TASK BRIEF
Write out the data word for word and drop any picture you find.

DATA BELOW
------------------------------------------------------------
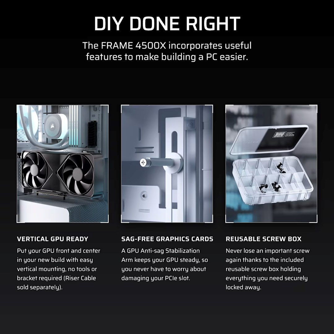 PANORAMIC GLASS SIDE PANEL A single piece of curved tempered glass allows unobstructed display of your build, with no seams or sharp edges blocking the view. The curved glass wraps around the front and side of the case, providing a clear view of your components. The tempered glass side panel is laminated with an almost invisible safety film that also reduces noise. CORSAIR INFINIRAIL FAN MOUNTING SYSTEM This multi-point steel fan mounting system offers unmatched flexibility for top-mounted fans. Simply slide the rail to install 120 mm or 140 mm fans exactly where needed, providing targeted airflow without the limitations of fixed mounting. RS-R REVERSE-BLADE FANS INCLUDED The included RS-R ARGB PWM intake fans with reverse blades provide unobstructed RGB lighting and quiet cooling. Fresh air is drawn in through the ventilated side into the spacious mid-tower, delivering effective cooling and high airflow for maximum performance. VENTILATED SIDE AND TOP PANELS Optimized for airflow, the top and side panels maximize ventilation for fans mounted in both locations. Side-mounted intake fans draw cool air from outside the case, while top-mounted fans (sold separately) exhaust hot air to maintain a cool interior. CABLE-FREE DESIGN Compatible with ASUS BTF, MSI Project Zero, and GIGABYTE Project Stealth motherboards, with numerous cable cutouts and mounts to keep cables organized, even in hidden areas. DIY-FRIENDLY FEATURES The FRAME 4500X includes practical features to simplify PC building:
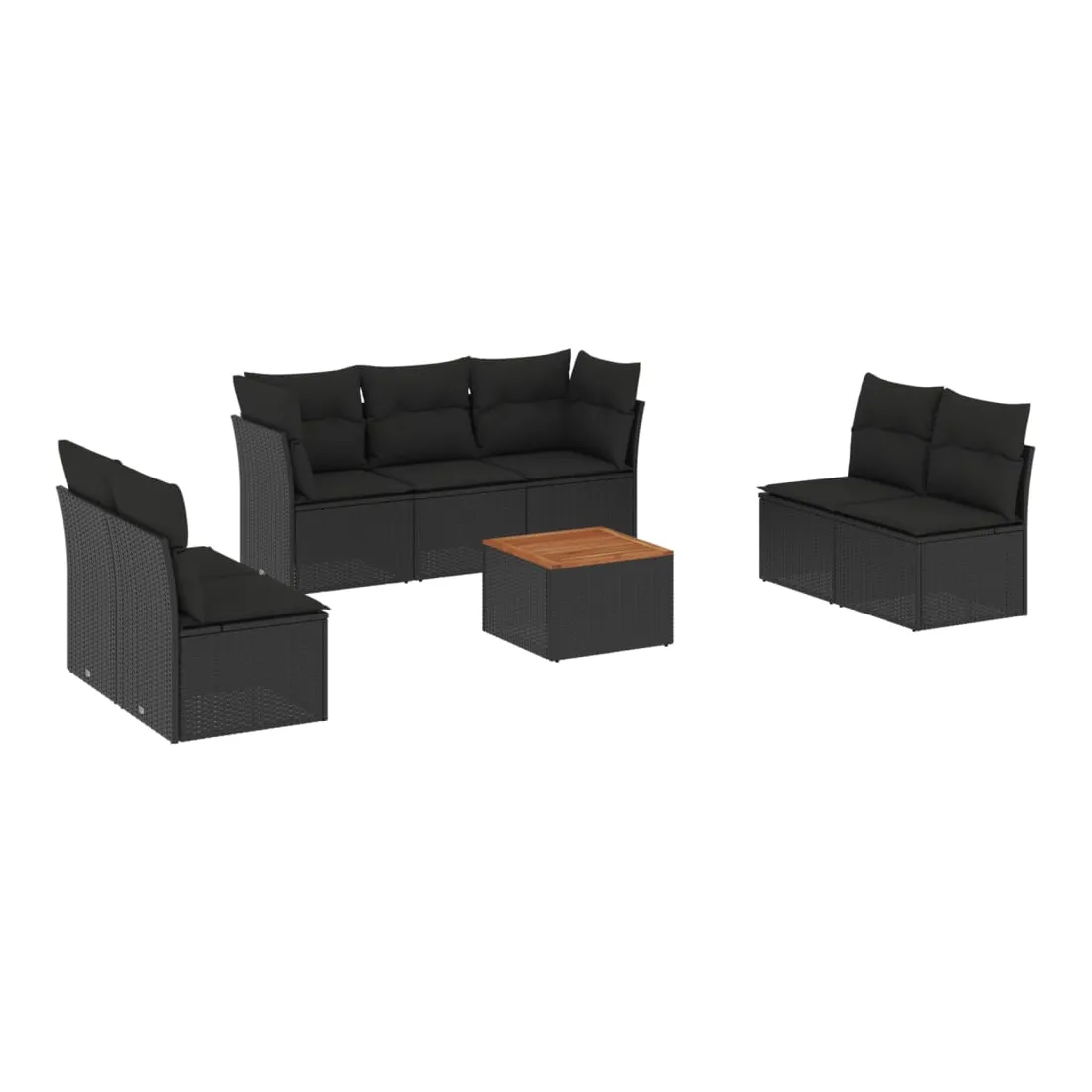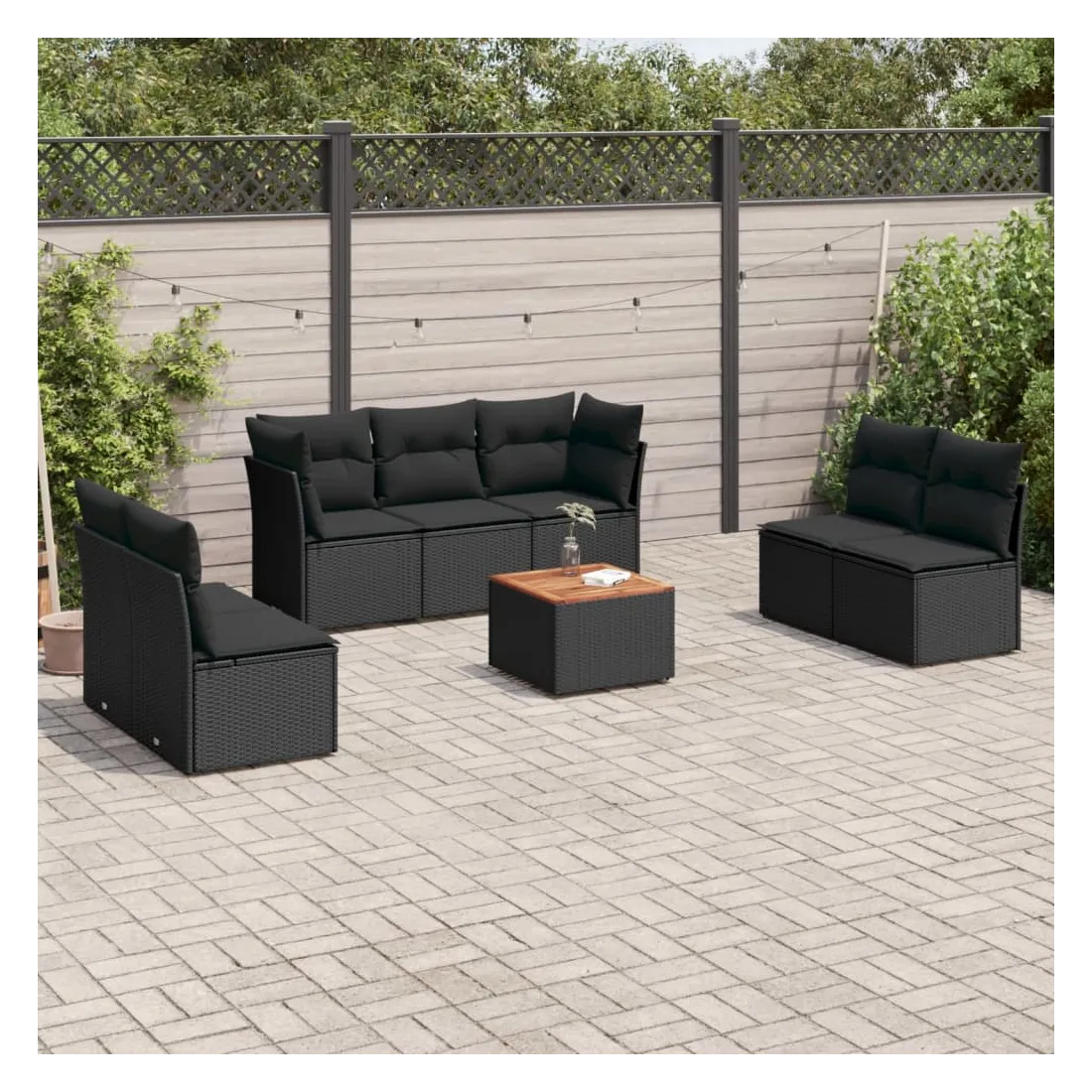 Salon de jardin 8 pcs avec coussins noir résine tressée
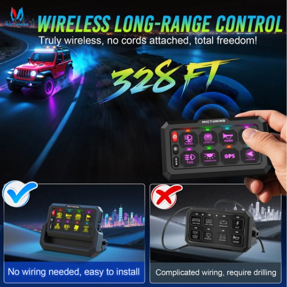 Þráðlaus stýring: Öryggjaboxið getur tengst allt að 4 rofaborðum þráðlaust með drægni allt að 100 metrar við kjöraðstæður.
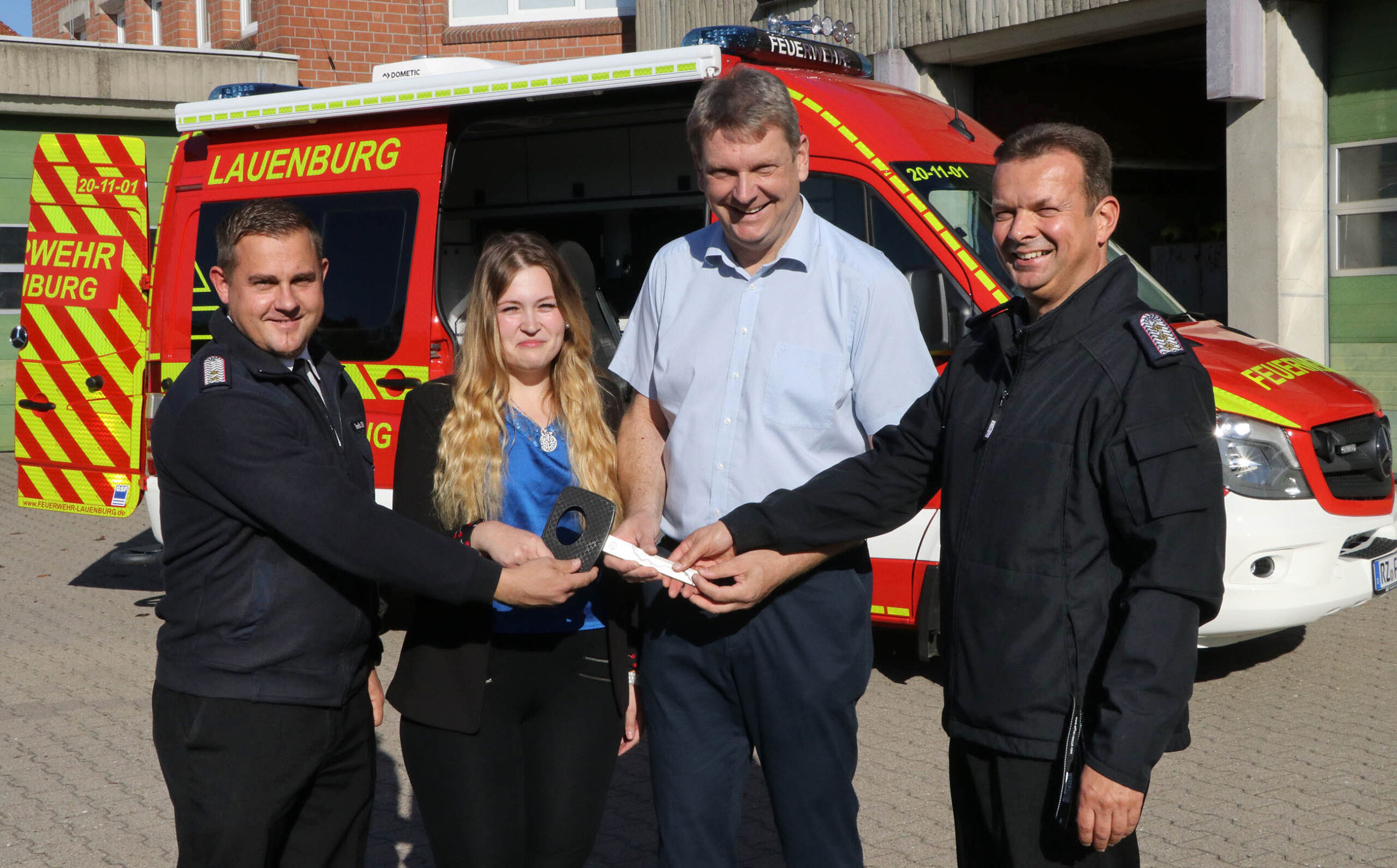 Am Freitagvormittag übergab Bürgermeister Andreas Thiede gemeinsam mit Lara Dieckmann Symbolisch den Schlüssel des neuen Einsatzleitwagen an die Lauenburger Feuerwehr. Bereits vor Drei Wochen holten ihn Mitglieder der Wehr aus Twist im Emsland ab. „Eine feierliche Übergabe ist geplant, wenn auch das neue Löschfahrzeug in Lauenburg angekommen ist“ erklärt Wehrführer Lars Heuer. „Jedoch kann der Einsatzleitwagen schon jetzt von der Wehr für Einsatzlagen genutzt werden“ ergänzt Bürgermeister Thiede. Das hochmoderne Einsatzfahrzeug ersetzt einen VW LT aus dem Jahre 2005. Mit modernster EDV- und Funktechnik ausgestattet, wird das Fahrzeug künftig bei mittleren und größeren Einsatzlagen eingesetzt. Es dient dann etwa als Verbindungsstelle zur Leitstelle, oder aber als Meldekopf bei Unwetterlagen. Gleich 5 Digitalfunkgeräte sind verbaut, damit das zulässig ist, war eine abgesetzte Antenne notwendig. Diese ist auf einem pneumatisch ausfahrbaren, 6m langen Mast montiert. An der Spitze sind zudem Scheinwerfer und eine rote Kennleuchte montiert. Gemeinsam mit der Umfeldbeleuchtung wir der Nahbereich um den ELW bei Nacht bestens ausgestrahlt. Im inneren stehen zur Einsatzlenkung zwei vollwertige Funkarbeitsplätze zur Verfügung. Mit je zwei Monitoren kann der Funker Lagekarten, Funktagebücher und Protokolle führen. An einem abgesetzten dritten Arbeitsplatz kann zum Beispiel ein Meldekopfführer die Einsätze einsehen oder bearbeiten. Die seitlich montierte Markise kann zu einem Besprechungsraum ausgebaut werden. Durch extra Schnittstellen könnte hier bei Einsätzen sogar eine Lagekarte auf einem Bildschirm angezeigt werden. Dass das Fahrzeug benötigt wird, zeigte sich bereits, erklärt Stellv. Wehrführer Dennis Lühr. Bei einem angedrohten Suizid an der Elbbrücke hielt der ELW die Kommunikation zwischen den Kräften aus Niedersachsen und Schleswig-Holstein aufrecht. – Bürgermeister Andreas Thiede freute sich über das Engagement, dass die Arbeitsgruppe zuvor in den ELW investiert hatte. „Nun ist die Feuerwehr für kommende Einsätze bestens gerüstet“ erklärt er weiter. Für die Besetzung des Fahrzeuges wurde eine extra Einheit innerhalb der Wehr gegründet, um das Fahrzeug zielführend im Einsatz einzubinden.
------------------------------------------------------------
TASK SOLUTION
 PANORAMIC GLASS SIDE PANEL A single piece of curved tempered glass allows unobstructed display of your build, with no seams or sharp edges blocking the view. The curved glass wraps around the front and side of the case, providing a clear view of your components. The tempered glass side panel is laminated with an almost invisible safety film that also reduces noise. CORSAIR INFINIRAIL FAN MOUNTING SYSTEM This multi-point steel fan mounting system offers unmatched flexibility for top-mounted fans. Simply slide the rail to install 120 mm or 140 mm fans exactly where needed, providing targeted airflow without the limitations of fixed mounting. RS-R REVERSE-BLADE FANS INCLUDED The included RS-R ARGB PWM intake fans with reverse blades provide unobstructed RGB lighting and quiet cooling. Fresh air is drawn in through the ventilated side into the spacious mid-tower, delivering effective cooling and high airflow for maximum performance. VENTILATED SIDE AND TOP PANELS Optimized for airflow, the top and side panels maximize ventilation for fans mounted in both locations. Side-mounted intake fans draw cool air from outside the case, while top-mounted fans (sold separately) exhaust hot air to maintain a cool interior. CABLE-FREE DESIGN Compatible with ASUS BTF, MSI Project Zero, and GIGABYTE Project Stealth motherboards, with numerous cable cutouts and mounts to keep cables organized, even in hidden areas. DIY-FRIENDLY FEATURES The FRAME 4500X includes practical features to simplify PC building:
 Salon de jardin 8 pcs avec coussins noir résine tressée
 Þráðlaus stýring: Öryggjaboxið getur tengst allt að 4 rofaborðum þráðlaust með drægni allt að 100 metrar við kjöraðstæður.
 Am Freitagvormittag übergab Bürgermeister Andreas Thiede gemeinsam mit Lara Dieckmann Symbolisch den Schlüssel des neuen Einsatzleitwagen an die Lauenburger Feuerwehr. Bereits vor Drei Wochen holten ihn Mitglieder der Wehr aus Twist im Emsland ab. „Eine feierliche Übergabe ist geplant, wenn auch das neue Löschfahrzeug in Lauenburg angekommen ist“ erklärt Wehrführer Lars Heuer. „Jedoch kann der Einsatzleitwagen schon jetzt von der Wehr für Einsatzlagen genutzt werden“ ergänzt Bürgermeister Thiede. Das hochmoderne Einsatzfahrzeug ersetzt einen VW LT aus dem Jahre 2005. Mit modernster EDV- und Funktechnik ausgestattet, wird das Fahrzeug künftig bei mittleren und größeren Einsatzlagen eingesetzt. Es dient dann etwa als Verbindungsstelle zur Leitstelle, oder aber als Meldekopf bei Unwetterlagen. Gleich 5 Digitalfunkgeräte sind verbaut, damit das zulässig ist, war eine abgesetzte Antenne notwendig. Diese ist auf einem pneumatisch ausfahrbaren, 6m langen Mast montiert. An der Spitze sind zudem Scheinwerfer und eine rote Kennleuchte montiert. Gemeinsam mit der Umfeldbeleuchtung wir der Nahbereich um den ELW bei Nacht bestens ausgestrahlt. Im inneren stehen zur Einsatzlenkung zwei vollwertige Funkarbeitsplätze zur Verfügung. Mit je zwei Monitoren kann der Funker Lagekarten, Funktagebücher und Protokolle führen. An einem abgesetzten dritten Arbeitsplatz kann zum Beispiel ein Meldekopfführer die Einsätze einsehen oder bearbeiten. Die seitlich montierte Markise kann zu einem Besprechungsraum ausgebaut werden. Durch extra Schnittstellen könnte hier bei Einsätzen sogar eine Lagekarte auf einem Bildschirm angezeigt werden. Dass das Fahrzeug benötigt wird, zeigte sich bereits, erklärt Stellv. Wehrführer Dennis Lühr. Bei einem angedrohten Suizid an der Elbbrücke hielt der ELW die Kommunikation zwischen den Kräften aus Niedersachsen und Schleswig-Holstein aufrecht. – Bürgermeister Andreas Thiede freute sich über das Engagement, dass die Arbeitsgruppe zuvor in den ELW investiert hatte. „Nun ist die Feuerwehr für kommende Einsätze bestens gerüstet“ erklärt er weiter. Für die Besetzung des Fahrzeuges wurde eine extra Einheit innerhalb der Wehr gegründet, um das Fahrzeug zielführend im Einsatz einzubinden.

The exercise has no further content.